A red-black tree is a binary search tree that has an extra bit of information for each node: its color, which can be red or black. Each node of the tree contains the fields color, key, left, right and parent. If the parent or any of the left or right children does not exist, the respective field is set to null.
A binary search tree is red-black tree if it meets the following properties:
- Each node is either red or black.
- The root is always black.
- If a node is red then both is children must be black.
- Every path from a node to a leaf contains the same number of black nodes.
We will refer to the number of these properties later in our examples, so it is good to know them.
Here is an example of a red-black tree:
The number of black nodes on any path from a node down to a leaf node will be called the black height of the node. The notion of black height is well defined on the basis of property 4, according to which all paths from a node to a leaf have the same number of black nodes. We define the black height of a red-black tree as the black height of its root.
This means that whenever a new node is inserted into the tree it will not become significantly unbalanced, because the properties need to be maintained, which is the major advantage of using this type of data structure. Let’s now look at some operations that can be performed on red-black trees:
- When we execute insertions and deletions on a red-black tree with n nodes, it could happen that some of the properties of this data structure are not respected. In order to restore these properties, the colors of some of the nodes in the tree and the pointer structure need to be changed.
The structure of the pointers is changed by rotation. There are two types of rotation: left and right rotation. In order to be able to perform a right rotation on a node x, the left child of the node must not be null. The tree is then rotated to the right, so in our example 8 becomes the right child of 4. If the left child of the initial root already had a right child (in our case it did – 5), we make its right child the left child of the initial root (the left child of 8 in our example).
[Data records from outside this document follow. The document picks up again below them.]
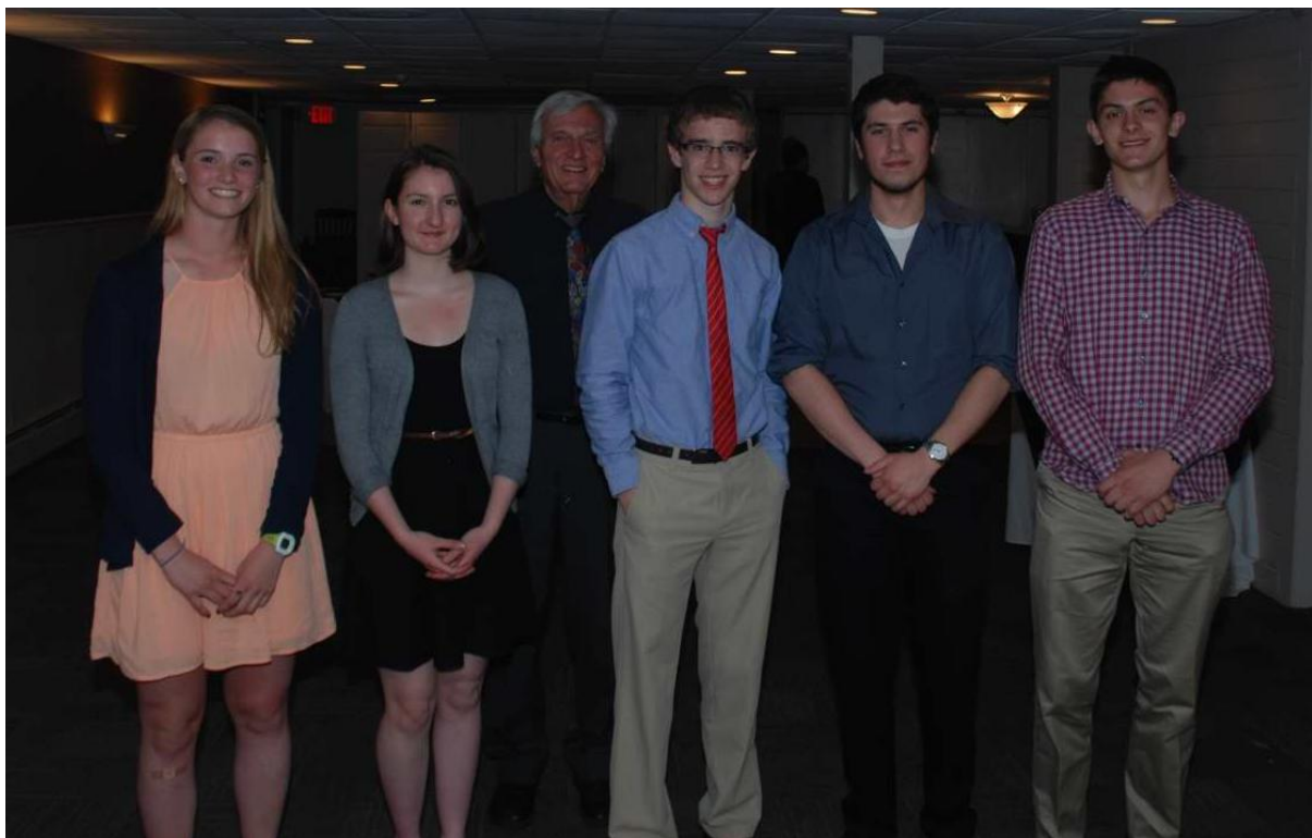
2015 IEEE Berkshire Section STEM Research Challenge Winners
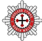
Gwasanaeth Tân ac Achub Fire and Rescue Service
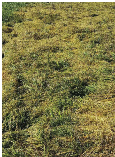
Sharpen + ESO + glyphosate
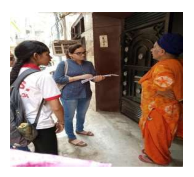
Awareness campaign on 'Plastic Free India' at Kajheri

Notes: The survey contained 9 questions which also required the volunteers to check the condition of the lavatories and observe as to how the villagers were maintaining their respective lavatories and if they were actually providing accurate data.
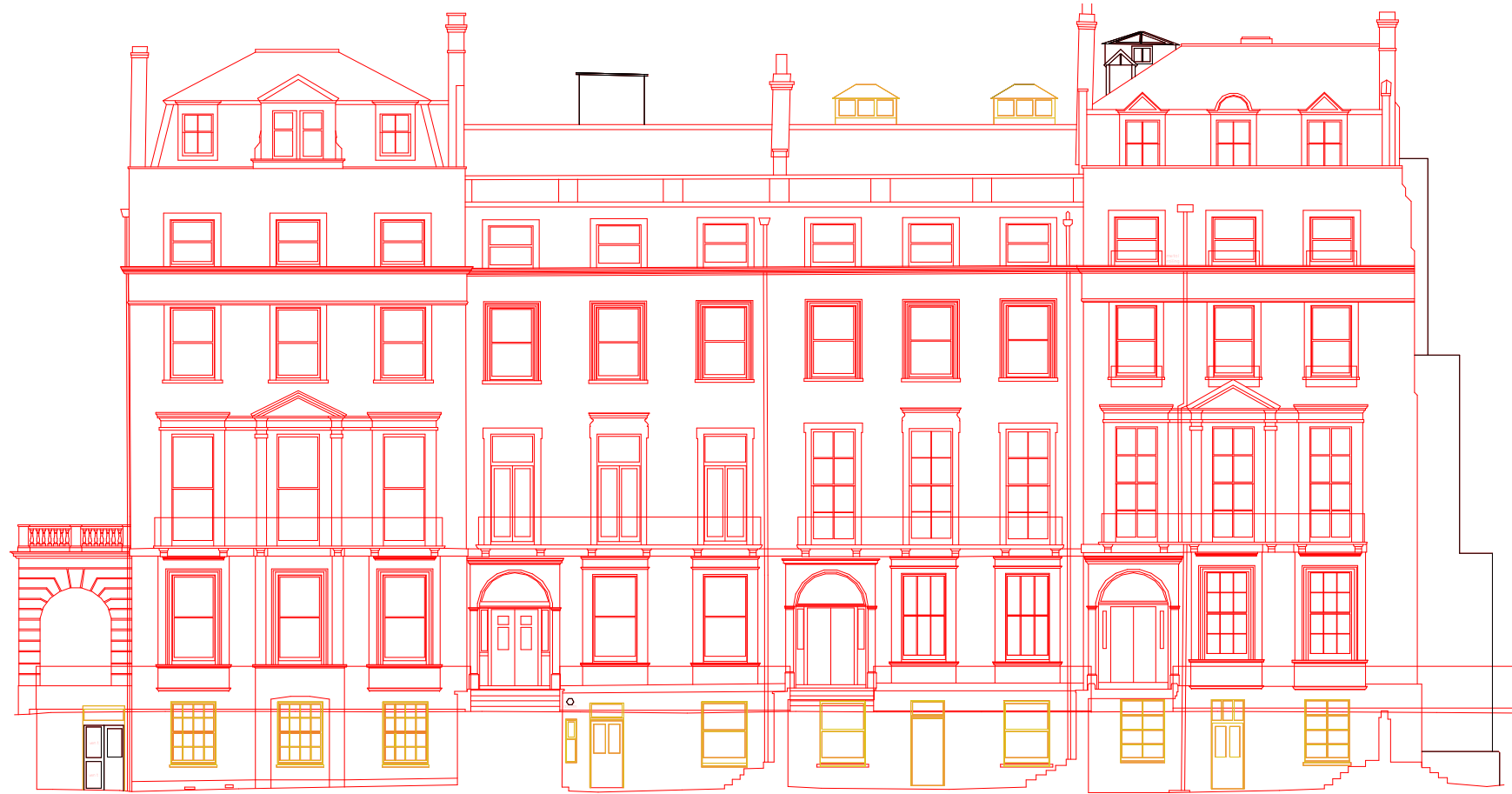
2 | Southeast Elevation

Copyright: All rights reserved. This drawing must not be reproduced without permission. This drawing must not be scaled. Dimensions are in millimetres unless specified.

Finally, all the nodes that are located on a different level in the rotated tree change their color (in our example, all of them, except 5). The process of left rotation is symmetrical to the left rotation. The following image describes these two techniques:
- Inserting a node in a red-black tree with n nodes can be done in timeO (log n). We will firstly used the procedure of inserting into a binary search tree to insert a node x in the tree. Next, we will color x with red. To guarantee the preservation of the red-black properties, we recover the resulting tree by node re-coloring and by performing rotations. After insertion only the third property can be broken, which states that a red colored node cannot have a child colored in red. Specifically,property 3 is violated if the parent of x is red. There are a couple of cases to consider:
a). If the parent of the newly inserted node is red, then this must mean that its parent is black, because the tree was a red-black tree before. In this case we color both the inserted node and its parent with black, then color the grandparent of the newly inserted node with red, in order to preserve the fourth property. For example, if we were to insert ‘1’ in the tree shown in the picture above in the right, we would firstly insert it to the left of ‘2’. We would then color both 1 and 1 in black and 4 in red.
b). If the parent of the newly inserted node is black, then we can keep the red color of the node, because it does not break the fourth property.
For example, if we were to insert 9 in the red-black tree above, we would firstly follow the insertion procedure that applies to regular binary search trees and obtain the following tree, which violates properties 3 and 4:
All we need to do now is change the color of 9, which will restore all the properties of a red-black tree:
- Deletion in red-black trees is not much more complicated than insertion.
- If the node we want to remove is red then we would still end up with a red-black tree after its deletion. This means we can use exactly the same algorithm as with regular binary search trees.
- If the node we want to remove is black its descendants must be given another black ancestor in order not to break the fourth property. If both descendants are red then we can color the one that will replace the black node removed in black. If not, we will need to restructure the tree.
For example, suppose we want to delete the root of our red-black tree above. Following the steps described in the section corresponding to regular binary search trees, we delete the root’s key and replace it with the largest value in the left sub-tree (in this case 5), as follows:
This tree does not violate any of the four properties, so this time we do not need to change colors.
The key thing to remember about red-black trees is that they enable the implementation of all dictionary operations in O(log n). The four properties discussed make this data structure more balanced than regular binary search trees.